Agleron was suspended from the practice of law three month.

A.C. No. 10185

March 12, 2014

LICERIO DIZON, Complainant,


vs.
ATTY. MARCELINO CABUCANA, JR., Respondent.
FACTS:
A petition for disbarment was filed against Atty. Cabucana, Jr. for falsification of public document.
Complainant alleged that he was one of the would-be-buyers of a parcel of land owned by the heirs of the
late Florentino Callangan, namely, Susana, Jun and Angeleta, all surnamed Callangan who were parties in Civil
Case No. 1-689 filed before the Municipal Trial Court in Cities, Branch I, Santiago City (MTCC); that on
November 6, 2003, a compromise agreement was executed by the parties in the said case and notarized
before Atty. Cabucana on the same date it was signed at the MTCC; that at the hearing conducted on
December 11, 2003 regarding the due execution and the veracity of the compromise agreement, the
signatories therein testified that they signed the instrument in the court room of MTCC but not in the
presence of Atty. Cabucana as Notary Public; that because of the irregularity in the due execution of the
Compromise Agreement, there was undue delay in the resolution/decision of Civil Case No. 1-689 which
caused damage and injury to complainant; that Atty.
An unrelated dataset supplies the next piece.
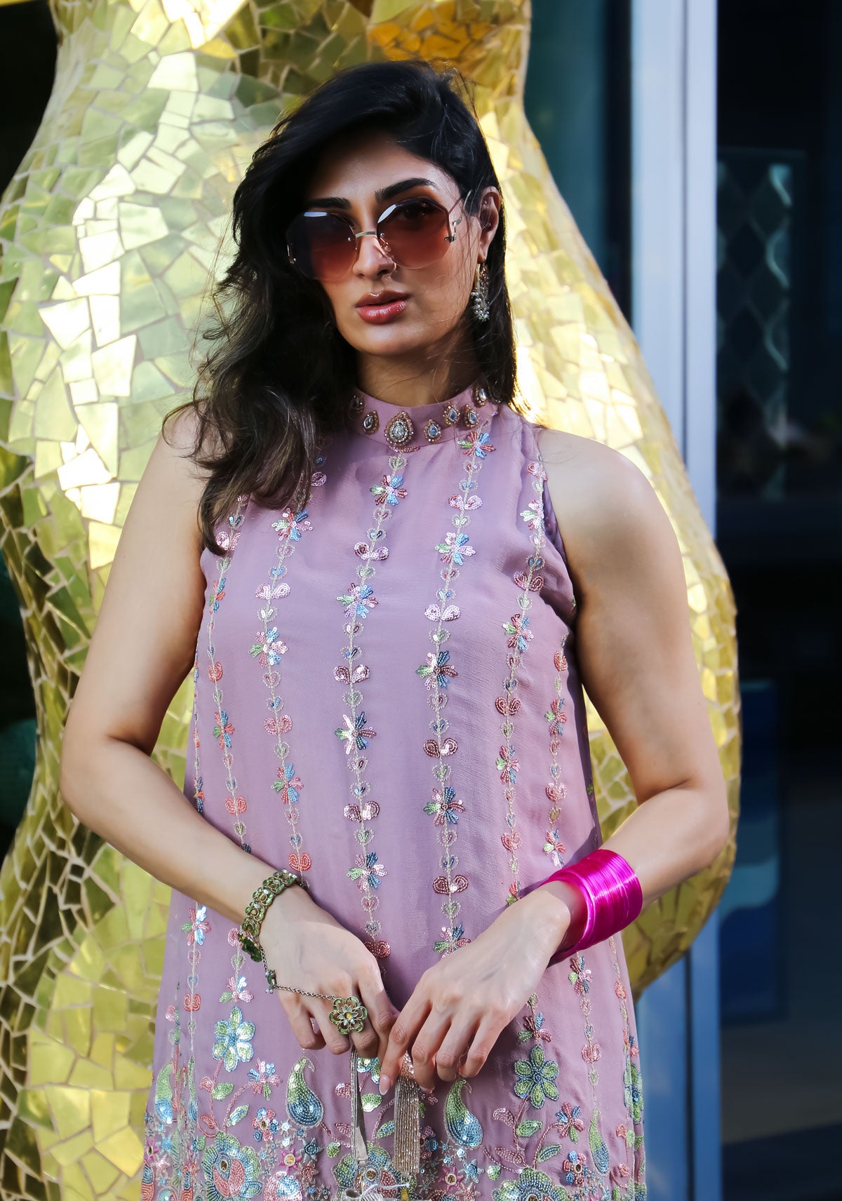 A stunning garment that exudes grace and refinement. Its pink blush hues evokes a sense of serenity, while the delicate floral pattern adds a touch of femininity and charm. This halter cut embellished shirt is a versatile piece that can effortlessly elevate any ensemble. The set includes chiffon halter cut shirt and embellished chiffon palazzo pants

Cabucana violated the Notarial Law in notarizing the
document in the absence of most of the signatories/affiants; and that he should be sanctioned in accordance
with Rule 138, Section 27 of the Rules of Code and Code of Professional Responsibility. Complainant further
alleged that Atty. Cabucana uttered grave threats against him on July 20, 2004 after the hearing of the said
case in MTCC.
ISSUE:
WON the respondent violated the Notarial Law Sec. 2 (b)
HELD:
YES, The requirement of personal appearance of the affiant is required under the Notarial Law and Section 2
(b) of Rule IV of the Rules on Notarial Practice of 2004. The Supreme Court held that as a notary public, Atty.
Cabucana, Jr. should not notarize a document unless the person who signs it is the same person executing it
and personally appearing before him to attest to the truth of its contents. This is to enable him to verify the
genuineness of the signature of the acknowledging party and to ascertain that the document is the partys
free and voluntary act and deed. Thus, Atty. Cabucana, Jr. was found violating Rule 1.01, Canon 1 of the Code
of Professional Responsibility and suspended from the practice of law for three months. His notarial
commission was revoked and he was prohibited from being commissioned as a notary public for two years.